Please also encourage your co-authors to sign up for their own ORCID account and associate it with their account on our manuscript submission system. For further information see: https://www.rsc.org/journals-books-databases/journal-authors-reviewers/processes-policies/#attribution-id

I look forward to receiving your revised manuscript.

Yours sincerely,
Linda Hung
Associate Editor
Digital Discovery
Royal Society of Chemistry

************


 
Reviewer 1

This paper analyzes the existing NMR spectra database in terms of the impact of noise. By changing experimental settings, it examines how accurately noise-con terminated query can identify the correct isomer in the database. This type of analysis is not done before and can potentially serve as a way of evaluating new NMR spectra prediction algorithms. Nevertheless I have the following comments.

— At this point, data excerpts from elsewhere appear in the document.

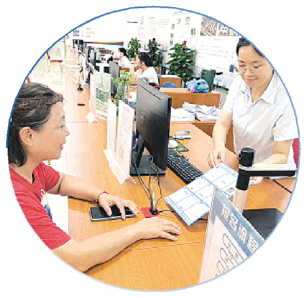 ▲陆通驾校办理大厅内,工作人员正在向市民讲解线上报名缴费流程。 记者蒋璇 摄
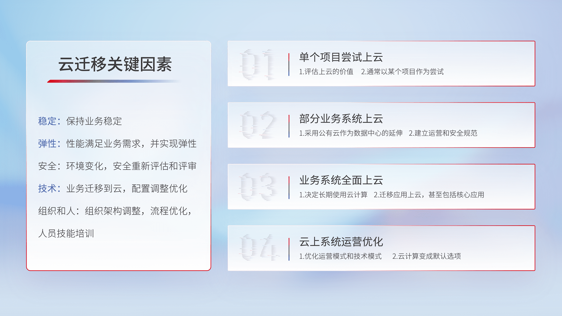 结合实际业务,,从规划设计、、云平台选型、、、云原生改造、、、、数据迁移、、集成交付,,迁移全过程为客户识别最佳上云路径,,做好风险识别管理,,设计网络架构、、、身份权限、、、安全审计合规、、、、操作审计、、、日志审计、、、、监控告警策略、、、、多站点容灾设计等,,对云上基础设施进行整体规划,,提升IT治理水平,,以满足弹性、、、高可用、、高性能的需求。。。。
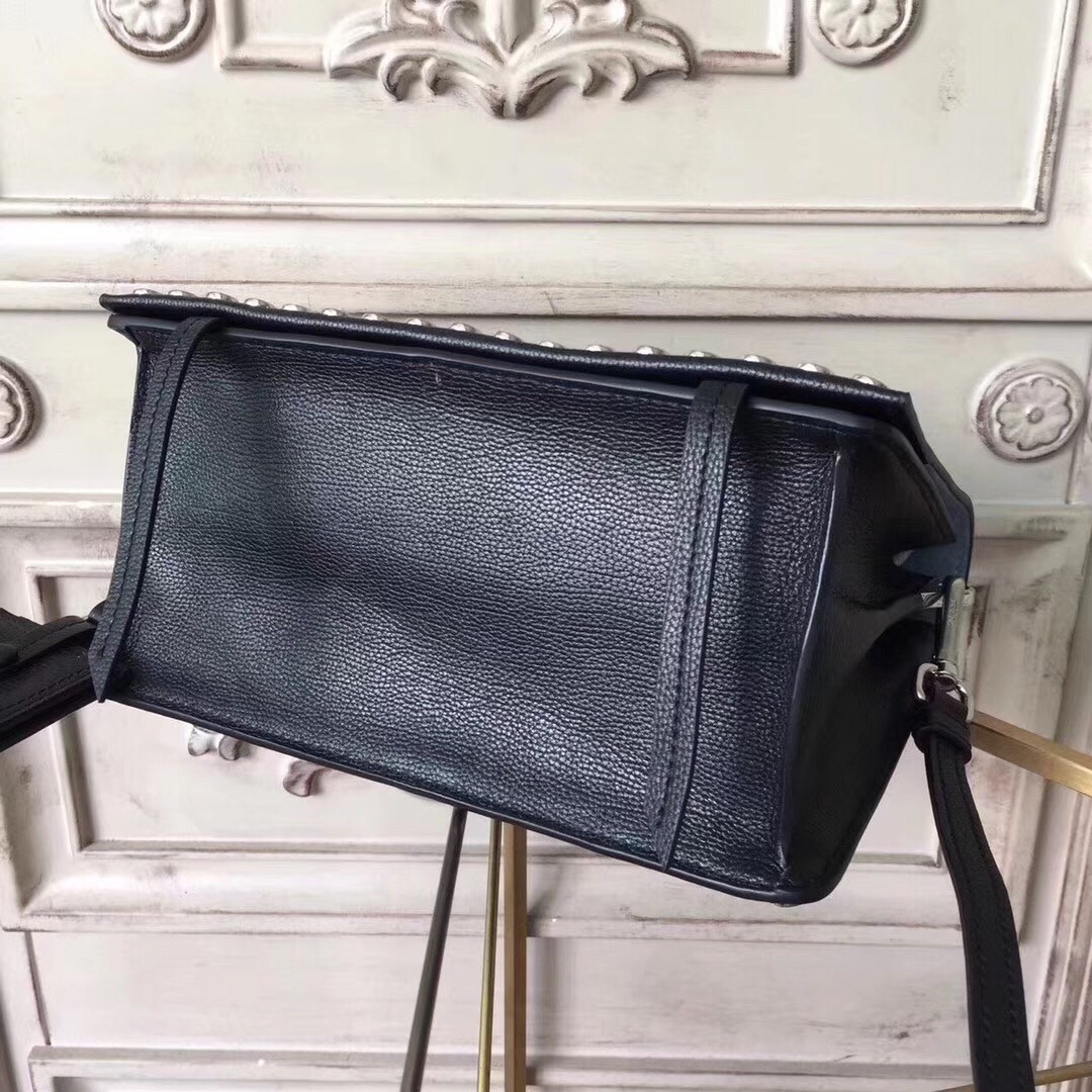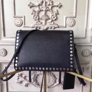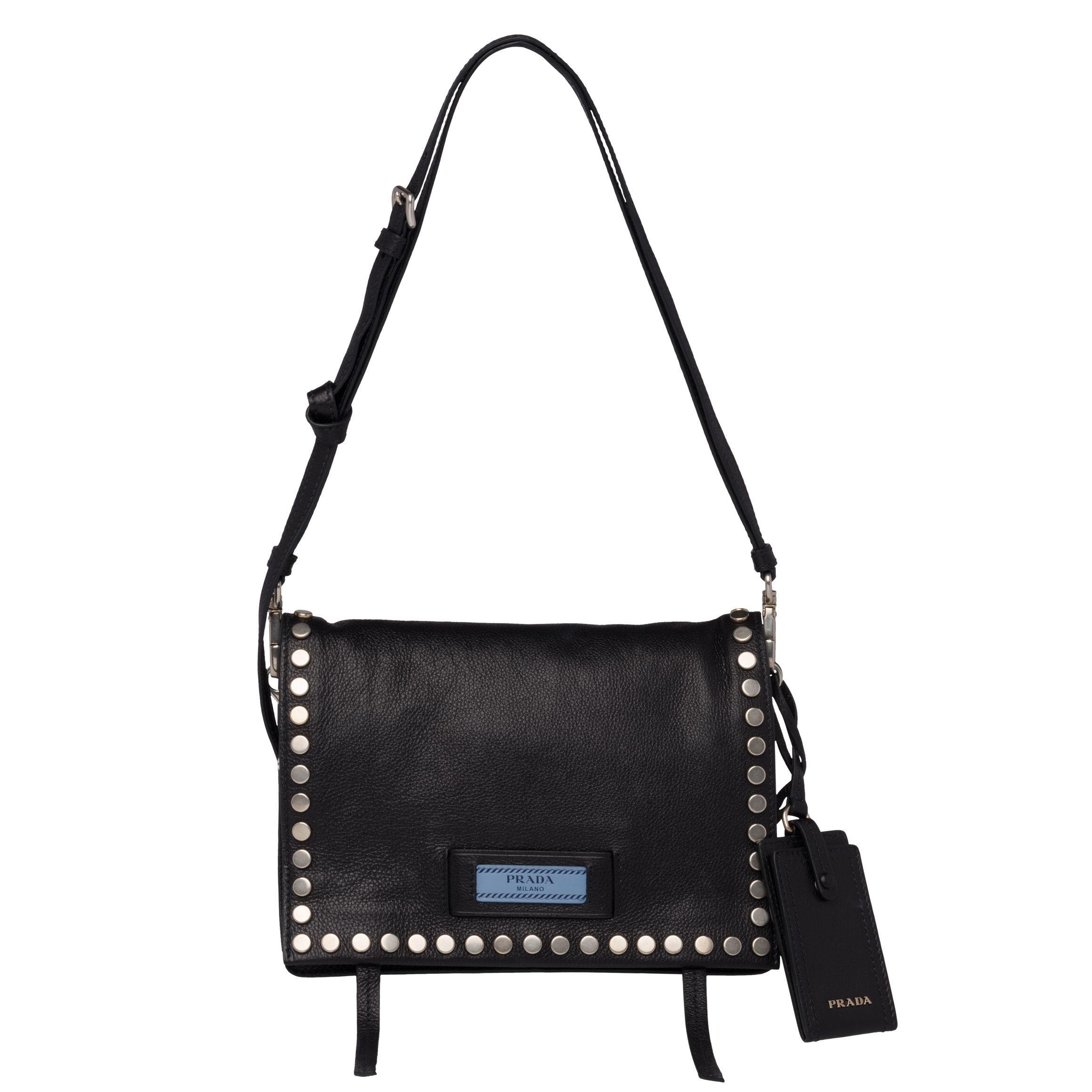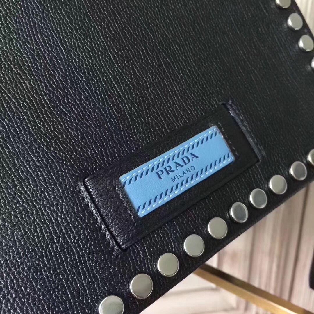 Prada Etiquette Bag In Black Calfskin With Metal Stud Trim

1) Please explain more about Surge and the NMR spectra estimation about the Surge generated molecules. The authors mix two datasets with different DFT levels (QM9 and Surge). Please discuss why it is not a problem.

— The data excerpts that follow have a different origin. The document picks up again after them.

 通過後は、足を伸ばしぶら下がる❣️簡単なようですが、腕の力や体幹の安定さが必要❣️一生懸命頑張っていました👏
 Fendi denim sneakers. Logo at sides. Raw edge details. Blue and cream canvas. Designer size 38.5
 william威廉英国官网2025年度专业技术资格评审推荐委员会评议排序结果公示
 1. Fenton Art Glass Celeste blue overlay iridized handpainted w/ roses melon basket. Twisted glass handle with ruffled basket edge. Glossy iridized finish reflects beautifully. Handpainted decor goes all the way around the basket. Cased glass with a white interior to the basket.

2) About section 3E. Figure 5 can possibly be used for evaluating new spectra estimation algorithms. Can you elucidate about this possibility?

3) The author uses KRR method proposed by their group. Are there any reasons to choose it over other machine learning-based spectra estimation methods? Please show other possible spectra estimation methods and why KRR is preferable.

Reviewer 2

It is nice for the author to provide an all-in-one package to reproduce the manuscript. However, required Python packages (and their version) are currently not included in the README file. That is, I have to guess which package to install. I managed to do so for most of them but can't find the module named 'g2s', which seems not well-known in the community.

Reviewer 3

The paper is well-written overall. There could be more explanations. What is the relationship between gaussian noise and MAE. In fig. 2 and the start of III A, this is used together, I guess it means gaussian noise which causes a mean deviation of X MAE (it isn't really an error, is it?). That should be clearer.
Also, in III A, it says "Fig.2 a-b) depicts a sigmoidal shaped trend of Top-1 elucidation accuracies at increasing candidate pool sizes NQM9 as a function of MAE." I don't think this is strictly correct, the "trend at (is at an correct English preposition here, btw?) pool sizes" isn't sigmoidal, the sigmoidal refers to the education performance vs. MAE curves, the multiple curves together aren't sigmoidal. Perhaps make that two sentences, explaining one curve first, then the combination in a second sentence?
My general remark about the paper is that it is nice, but not really that insightful. Essentially, you say if there is a two-step structure elucidation, where the first step produces a candidate list and the second ranks them by nmr similarity, then you need a combination of a first step which produces a good enough==small enough candidate list and a second step which uses a good enough spectrum prediction to do the ranking. To a degree, they can compensate for each other. Now that is not very surprising, everybody was working with that assumption anyway in the field. And the paper does not really quantify it, since it says that it all depends on the structure (and two of the three examples in Fig. 2 are even relatively similar).


 

We would like to thank all reviewers and the editor for the constructive criticism and for contributing to the overall improvement of the quality of the manuscript. For a point-by-point response to the reviewers’ comments and corresponding changes we refer to the uploaded response letter and to the revised manuscript.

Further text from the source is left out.